Data shown Block Start
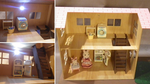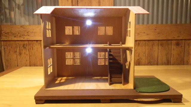 2階建てのシンプルな造りですが、手前側面の壁を開けて、屋根もカットして中を見やすくしています。実際に光るLED照明が雰囲気をUPしています。
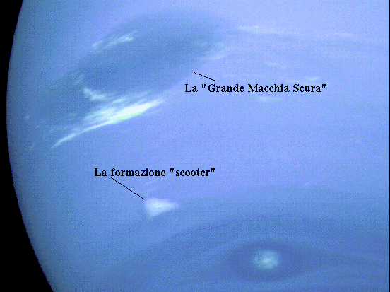 Immagini in luce verde e rossa mostrano dettagli più profondi fra cui una formazione nuvolosa detta Scooter (nell'immagine è sotto la "Grande Macchia Scura"). Lo Scooter è una macchia bianca irregolare il cui nome deriva dal fatto che si muove attorno alla superficie più rapidamente delle formazioni nuvolose che la circondano impiegando circa 16 ore a percorrere tutto il pianeta. Dal momento che questa formazione, insieme ad altre analoghe, impiega lo stesso periodo delle regioni interne del pianeta, si pensa che abbia avuto origine da una macchia calda e profonda e che si osservi in realtà una colonna ascendente di solfuro di idrogeno situato nello strato sottostante quello delle nubi di metano.
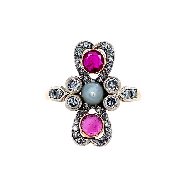 Steensoort: | Natuurlijke robijn 2x 4.2 mm, Parel 4.5 mm en Diamant 4x 0.06 ct., 2x 0.025 ct. en 2x 0.035 ct. overgangsgeslepen G/VS en 10x 0.01 ct. en 14x 0.005 ct. 8kant geslepen G/SI |
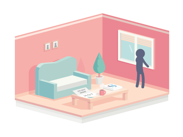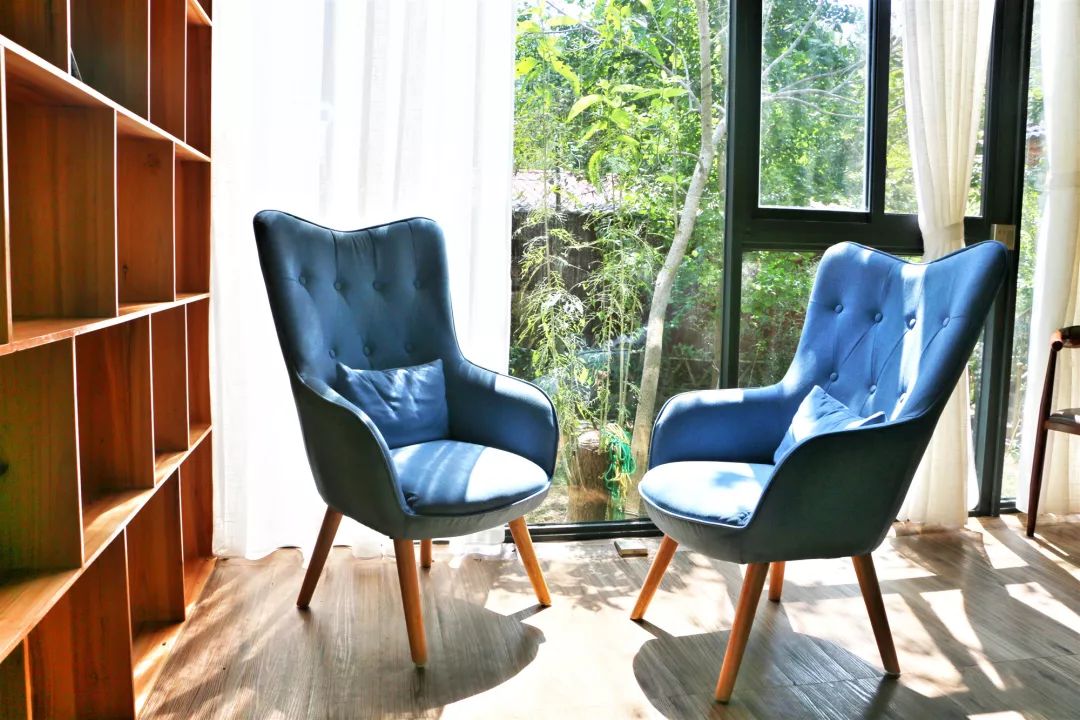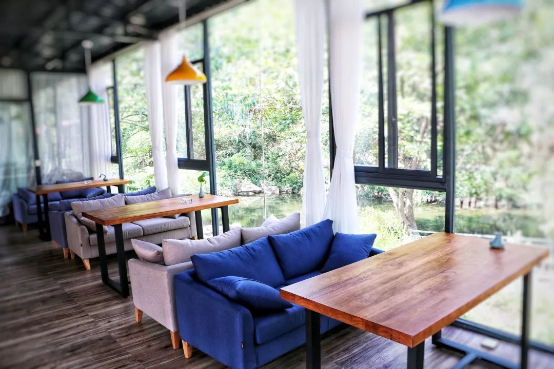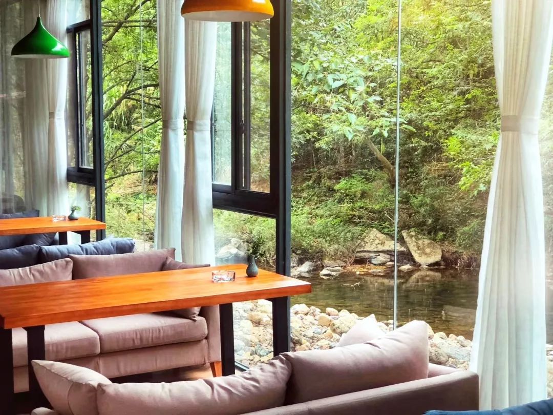 大大的落地窗外依次是清澈的河流、草坪、树林
Data shown Block End
• **What to work on**
In the listing above, transcribe exactly the lines from the line containing "Steensoort: | Natuurlijke" through the last one, both included, but not the pictures.

• **Output for this task**
 Steensoort: | Natuurlijke robijn 2x 4.2 mm, Parel 4.5 mm en Diamant 4x 0.06 ct., 2x 0.025 ct. en 2x 0.035 ct. overgangsgeslepen G/VS en 10x 0.01 ct. en 14x 0.005 ct. 8kant geslepen G/SI |
 大大的落地窗外依次是清澈的河流、草坪、树林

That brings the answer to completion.